His phone had said seven after three for at least five minutes before he turned to his brother.

“Dean,” he said. “What time do you have?”

“Uh...” He pulled out his phone, squinted at the display. “3:07.”

“Ellen?”

She pulled her coat back far enough to expose her watch. She pressed a button, and the digital buttons glowed green. “Yeah, 3:07.”

Sam unfolded his legs and stood, and Dean followed his lead. Sam walked over to a table where a man was typing on a laptop, and he could hear Dean's footsteps going in the opposite direction.

“Excuse me, what time is it?”

The man looked at the laptop. “Seven after.”

Sam looked around the room. “Does anyone in here have an analog watch?”

“Analog?” the blonde waitress asked, her hand pushing a wet cloth over a table.

“Non-digital.”

She pulled a pocket watch out of her jean pocket. It was small, but the silver caught the light and reflected it in a circle on the ceiling. “Yeah.”

“What time do you have?”

She clicked open the watch. The front seemed to have an engraving on it, but he couldn't really tell with the light. “3:14.”

Sam looked back at Dean, who was standing by the door. “Anything?”

Dean shook his head. “Jammed.”

Sam turned back to the waitress. “Where'd you get that?”

“The watch?” She closed it. “It was my aunt's.”

“What happened to her?”

The waitress jammed the watch back into her pocket with a frown. “None of your business.”

“Please.”

She sighed. “She was a hunter. Demon got her.”

“Can I see it?”

“No.”

Sam looked over his shoulder at the table. Ellen was already pushing up from her seat and walking toward them.
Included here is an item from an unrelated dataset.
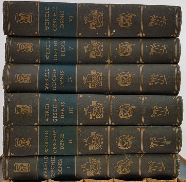 | Conditie | Zeer redelijk. Titel op de ruggen vervaagd. Naam voorin de delen. De 6 delen wereldgeschiedenis zeer redelijk tot goed. | |
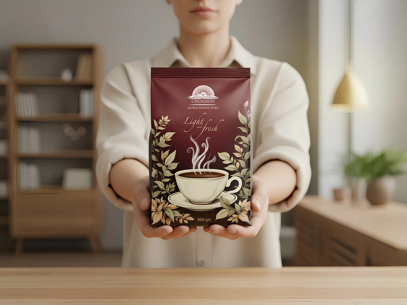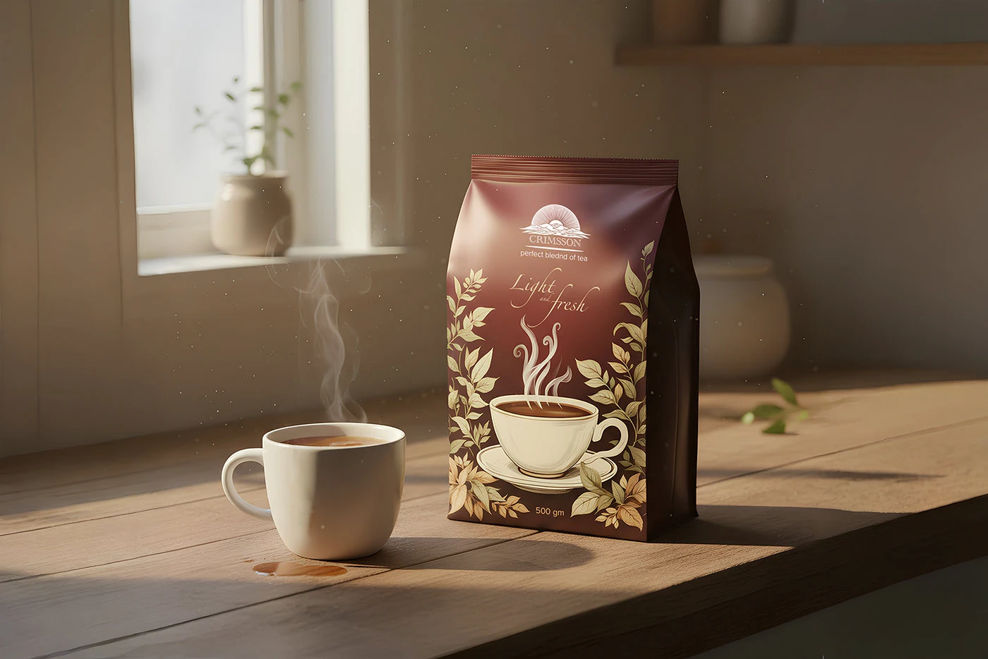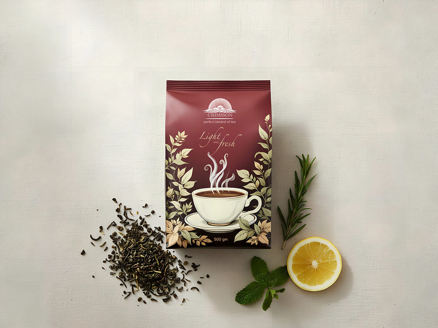 A sleek, minimalist packaging design for CRIMSSON Tea, embodying the brand’s promise of a “perfect bleeding of tea” for a “light” and “fresh” experience.

“Honey,” she said as she got closer. “What's your name?”

The waitress looked Ellen up and down. Maybe it was because they looked around the same age, but the waitress didn't seem very happy. “Vicky. Vicky Norton.”

Ellen's eyes grew wide. “Was your aunt Nicole?”
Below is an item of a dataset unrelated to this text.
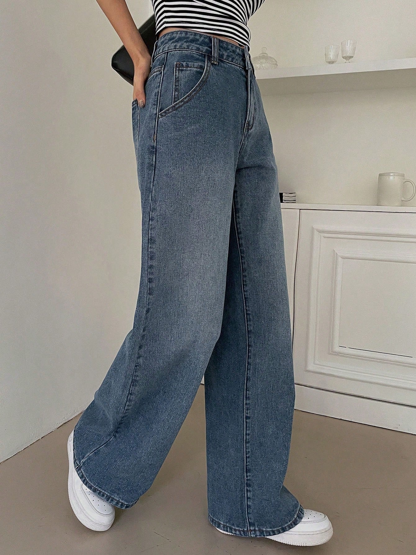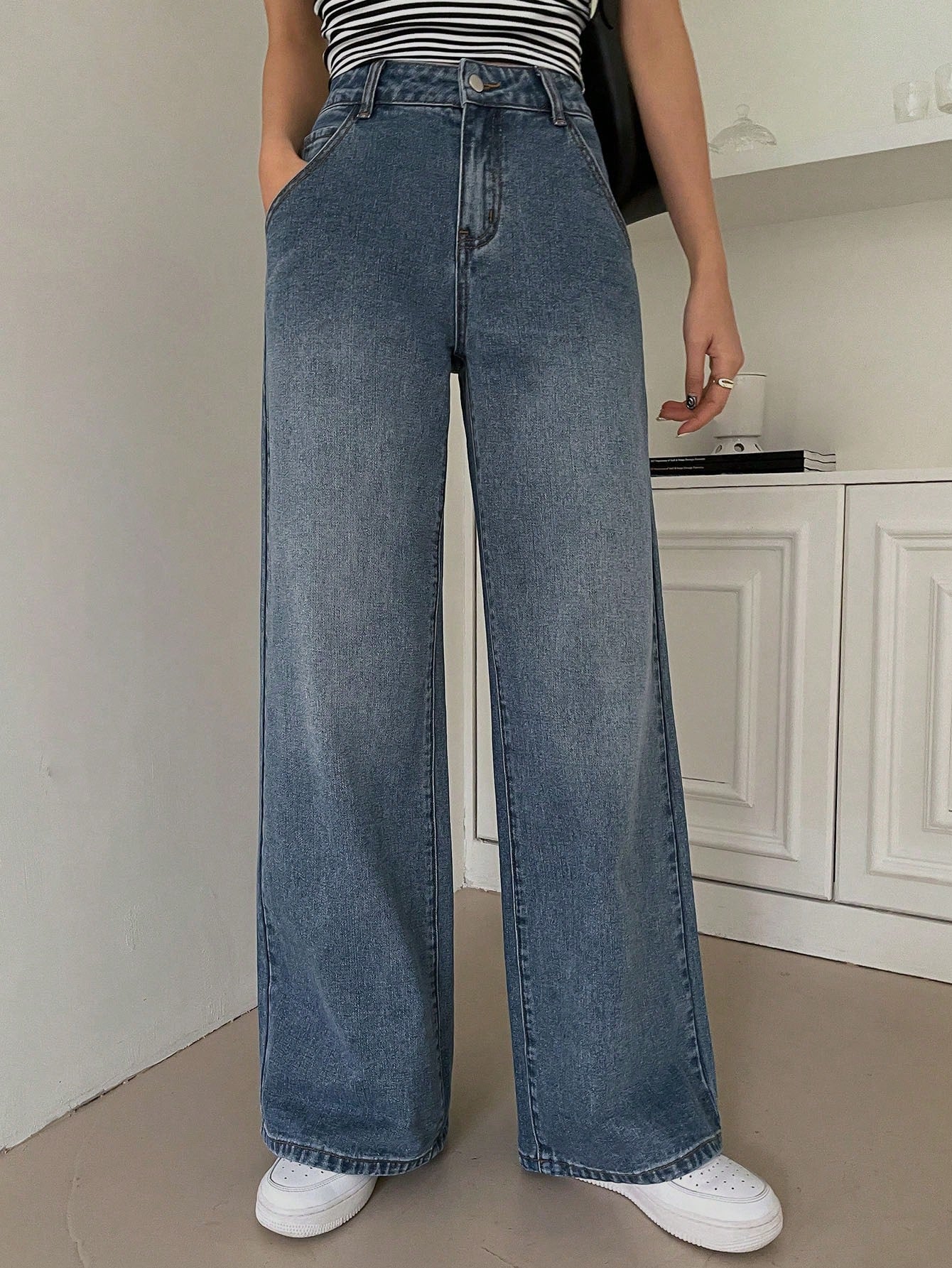 Bredbenade Jeans för Dam med Hög Midja
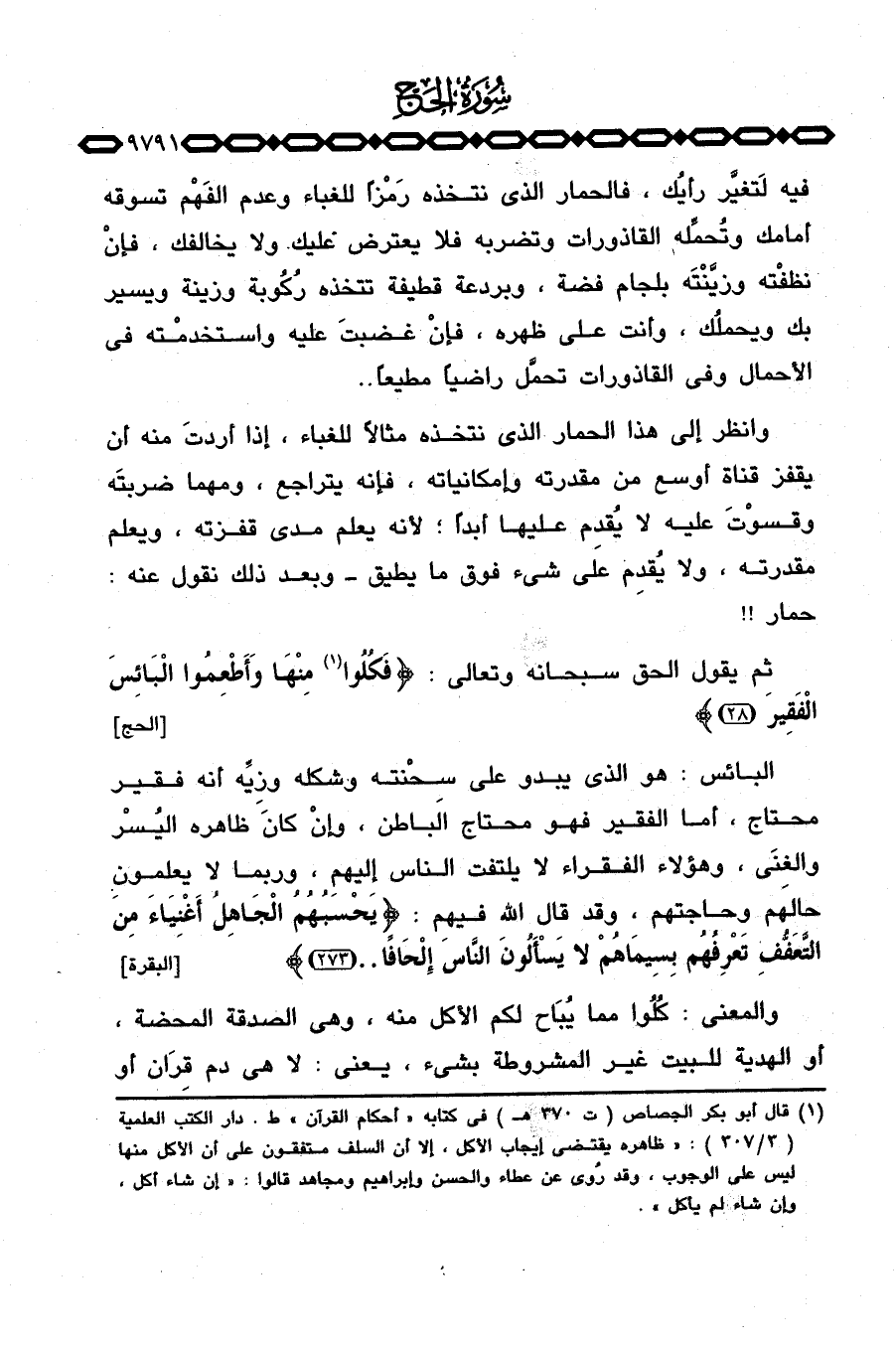 وانظر إلى هذا الحمار الذي نتخذه مثالاً للغباء، إذا أردتَ منه ان يقفز قناة أوسع من مقدرته وإمكانياته، فإنه يتراجع، ومهما ضربتَه وقسْوتَ عليه لا يُقدِم عليها أبداً؛ لأنه يعلم مدى قفزته، ويعلم مقدرته، ولا يُقدِم على شيء فوق ما يطيق - وبعد ذلك نقول عنه: حمار!!

“Yeah.” The tension left Vicky's face. “You knew her?”

“Met her a couple of times. Hell of a hunter.”

Vicky looked at Sam, then Ellen. “You with her?”

“Yeah,” Sam said quietly. “We're trying to stop the murders. Your watch might be connected.”

She nodded for a minute, then pulled the watch out of her pocket. “If it'll help.”

--


The doors were open by quarter to four.

No one wanted to wait to see if a ghost was going to appear or make a big deal about the watch. Dean doused it with the holy water he kept in his flask, then Ellen took the watch to the furnace in the back room. It melted completely in about a half-hour – since it was March, the furnace wasn't as hot as it could have been and needed to warm up – and no one had problems leaving after that.

Vicky had left the minute the doors were open. She didn't talk to anyone when she walked out.

Now that things were resolved, Ellen was going home, so she made her good-byes to the bartender, and the three went outside. It was still pretty chilly even though it was officially spring, but Sam didn't shiver in the slightest. He also took a deep breath; there was nothing like early morning air after being trapped indoors by an unseen force.

“I've gotta say, I thought there'd be more of a fight.” Dean said as they approached the Impala.

Sam laughed. “Thought there'd be more of a fight, or wanted more of a fight?”

“I'm not picky.”

Ellen sighed. “That girl was in a lot of pain. I'm glad it was simple.”

“Maybe it was easy,” Dean said, leaning against the side of his car. “But it's never simple.”

Ellen walked over and stuck out her hand. “Right.”

Dean rolled his eyes, then pulled her into a hug. “Have a safe trip back.”

“Thanks.” Ellen pulled back.

“Bye,” Sam said, stepping forward.

“Don't be strangers,” Ellen told them as she hugged Sam. “Especially you, Dean. I want to see you at least one more time before.”

“Count on it,” Dean said. “Call me if you hear anything.”

“Will do.”

Sam turned to Dean as Ellen walked toward a truck at the other end of the lot. “Now what?”

Dean grinned. “Now there's a poker table with my name on it.”